# AMR transfers?



## Wayward2w1 (Jul 22, 2019)

Hello all.  Looking at switching to AMR in my local area with the intent of moving to Vegas in the next couple months and working for AMR there.  Does AMR allow for inter state transfers while staying with the company?  If so, do they offer moving assistance of any sort?  Thanks for the info.


----------



## DesertMedic66 (Jul 22, 2019)

Yes, they do allow for transfers however it’s not as easy as you ask for a transfer and it happens. 

The division you are leaving from must not be at critically low levels of staffing and the division you are transferring to must also have an open position for you to fill. The transfer has to be approved by both operation managers.

You also must be at your current division for 6 months to 1 year (I don’t remember which one) in order to transfer. You also must be in good standings with usually no write ups in the past 6 months.

You will still have to interview and jump through all the hoops that the division you are transferring to requires (written tests, skills tests, scenario tests, interviews, physical tests, etc.)


----------



## Tigger (Jul 22, 2019)

^What he said. At my op you don't get to keep your seniority and everyone gets paid a certain amount extra on top of the starting wage for previous experience no matter if it was at AMR or not.


----------



## jgmedic (Jul 22, 2019)

IIRC, it's like reapplying to AMR again, it's not worth it.


----------



## DrParasite (Jul 23, 2019)

DesertMedic66 said:


> You will still have to interview and jump through all the hoops that the division you are transferring to requires (written tests, skills tests, scenario tests, interviews, physical tests, etc.)





Tigger said:


> ^What he said. At my op you don't get to keep your seniority and everyone gets paid a certain amount extra on top of the starting wage for previous experience no matter if it was at AMR or not.
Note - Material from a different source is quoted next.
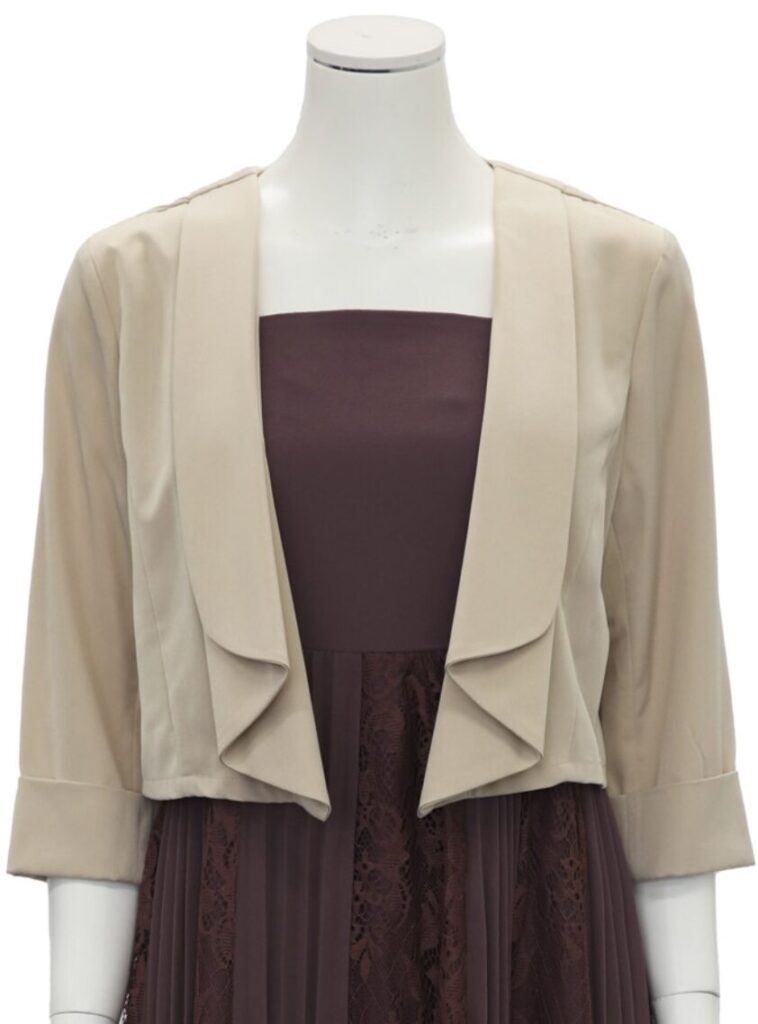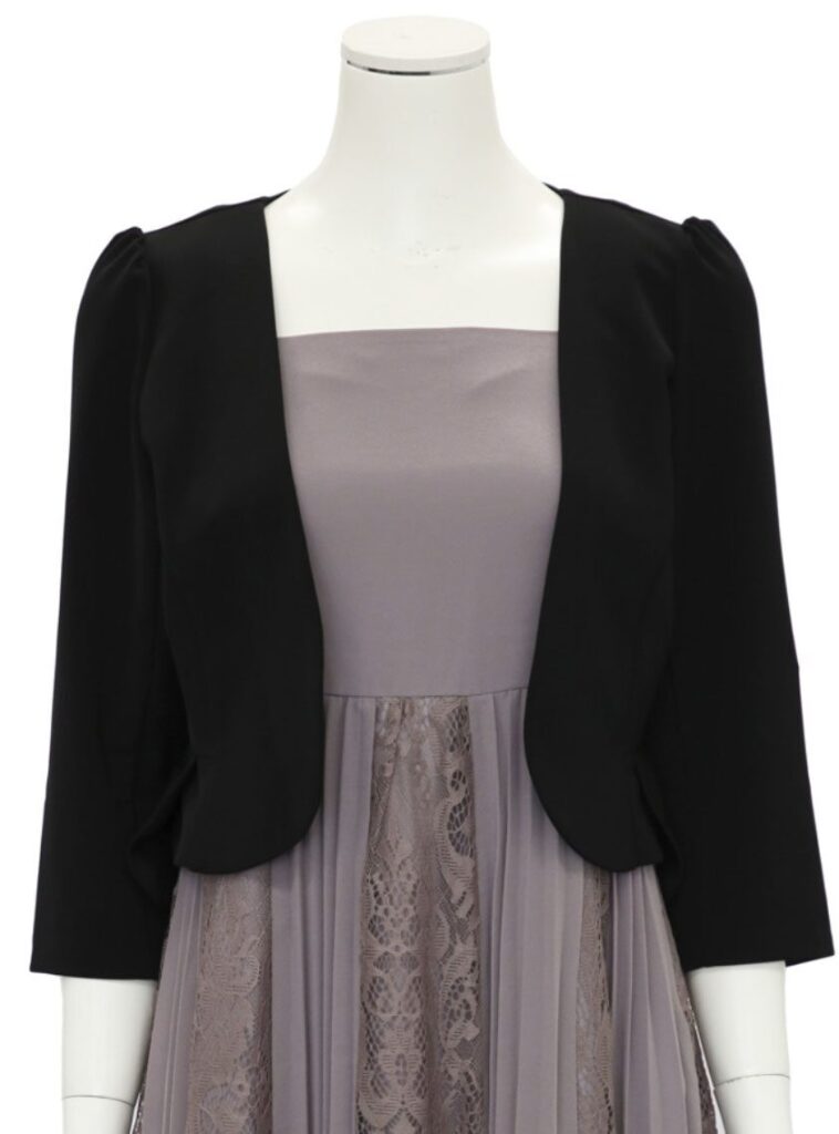 ボレロやストールなどの羽織りを合わせると、一気に洗練された印象に仕上がります。

maybe i'm missing something, but what is the difference then between transferring within AMR and simply filling out an application just like anyone off the street?  You need to jump through all the same hoops, same starting salary as every other new hire, etc.

if anything, working at AMR could be seen as a disadvanage, because





DesertMedic66 said:


> You also must be in good standings with usually no write ups in the past 6 months.


So a complete train wreck can apply from ABC ambulance and not have that requirements, but an AMR employee needs to be write up free for 6 months....


----------



## DesertMedic66 (Jul 23, 2019)

DrParasite said:


> maybe i'm missing something, but what is the difference then between transferring within AMR and simply filling out an application just like anyone off the street?  You need to jump through all the same hoops, same starting salary as every other new hire, etc.
> 
> if anything, working at AMR could be seen as a disadvanage, becauseSo a complete train wreck can apply from ABC ambulance and not have that requirements, but an AMR employee needs to be write up free for 6 months....


In a decent amount of areas when you transfer you get to keep either all or half of your seniority and since you have X amount of time with the company you will have a higher wage over a new medic. AMR in my area doesn’t really pay you for experience unless you come from another area.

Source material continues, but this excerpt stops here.